The bourgeoisie has stripped of its halo every occupation hitherto honoured and looked up to with reverent awe. It has converted the physician, the lawyer, the priest, the poet, the man of science, into its paid wage labourers.

The bourgeoisie cannot exist without constantly revolutionising the instruments of production, and thereby the relations of production, and with them the whole relations of society. Conservation of the old modes of production in unaltered form, was, on the contrary, the first condition of existence for all earlier industrial classes. Constant revolutionising of production, uninterrupted disturbance of all social conditions, everlasting uncertainty and agitation distinguish the bourgeois epoch from all earlier ones. All fixed, fast-frozen relations, with their train of ancient and venerable prejudices and opinions, are swept away, all new-formed ones become antiquated before they can ossify. All that is solid melts into air, all that is holy is profaned, and man is at last compelled to face with sober senses his real conditions of life, and his relations with his kind.

The need of a constantly expanding market for its products chases the bourgeoisie over the entire surface of the globe. It must nestle everywhere, settle everywhere, establish connexions everywhere.
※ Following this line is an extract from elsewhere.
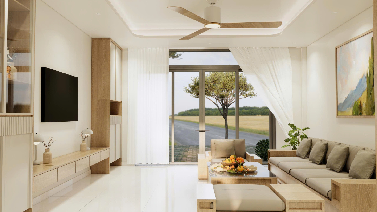 Phòng khách được thiết kế theo phong cách hiện đại, sử dụng sofa gỗ kết hợp đệm sáng màu tạo cảm giác ấm cúng và sang trọng.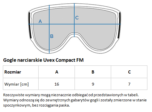 Gogle narciarskie Uvex Compact FM to wysokiej klasy gogle o smukłym, futurystycznym kształcie. Model ten wyróżnia się minimalistyczną ramką co pozwala na zmaksymalizowanie pola widzenia, a także czyni gogle bardziej atrakcyjnymi dla oka. Podwójna sferyczna soczewka, w którą zostały wyposażone gogle Uvex Compact FM wykonana została w technologii decentered lens. Dzięki temu wiernie oddaje faktyczny stan otrzymanego obrazu bez zniekształceń i załamań. Szybka posiada również innowacyjną powłokę supravision®. Jest to specjalna warstwa umieszczona na wewnętrznej stronie szyby gogli. Gwarantuje ona co najmniej dwukrotnie dłuższą i znacznie bardziej skuteczną ochronę przed parowaniem w porównaniu do standardowych szyb zgodnych z normą EN 174. Powłoka ta działa tak samo skutecznie niezależnie od warunków atmosferycznych. Soczewka gogli narciarskich Uvex Compact FM posiada kategorię S2 co oznacza, iż najlepiej sprawdzi się podczas jazdy w warunkach delikatnego zachmurzenia czy też słabego słońca.

The bourgeoisie, by the rapid improvement of all instruments of production, by the immensely facilitated means of communication, draws all, even the most barbarian, nations into civilisation. The cheap prices of commodities are the heavy artillery with which it batters down all Chinese walls, with which it forces the barbarians’ intensely obstinate hatred of foreigners to capitulate. It compels all nations, on pain of extinction, to adopt the bourgeois mode of production; it compels them to introduce what it calls civilisation into their midst, i.e., to become bourgeois themselves. In one word, it creates a world after its own image.
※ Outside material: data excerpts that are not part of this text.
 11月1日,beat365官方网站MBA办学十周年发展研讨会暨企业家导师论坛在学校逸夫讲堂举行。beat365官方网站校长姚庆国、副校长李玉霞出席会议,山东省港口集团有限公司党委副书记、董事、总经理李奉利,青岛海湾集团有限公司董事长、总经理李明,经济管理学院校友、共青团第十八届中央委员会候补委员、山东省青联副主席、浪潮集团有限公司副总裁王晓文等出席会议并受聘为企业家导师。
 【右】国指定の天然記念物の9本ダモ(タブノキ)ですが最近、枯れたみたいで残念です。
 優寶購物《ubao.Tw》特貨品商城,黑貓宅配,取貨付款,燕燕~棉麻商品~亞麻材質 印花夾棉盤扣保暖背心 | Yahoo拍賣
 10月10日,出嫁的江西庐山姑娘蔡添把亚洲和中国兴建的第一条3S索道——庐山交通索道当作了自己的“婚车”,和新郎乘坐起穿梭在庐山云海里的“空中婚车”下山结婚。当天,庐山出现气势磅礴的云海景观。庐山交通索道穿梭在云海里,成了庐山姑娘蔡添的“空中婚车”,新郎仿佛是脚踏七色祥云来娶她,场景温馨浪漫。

The bourgeoisie keeps more and more doing away with the scattered state of the population, of the means of production, and of property. It has agglomerated population, centralised the means of production, and has concentrated property in a few hands. The necessary consequence of this was political centralisation. Independent, or but loosely connected provinces, with separate interests, laws, governments, and systems of taxation, became lumped together into one nation, with one government, one code of laws, one national class-interest, one frontier, and one customs-tariff." Globalization don't ya know.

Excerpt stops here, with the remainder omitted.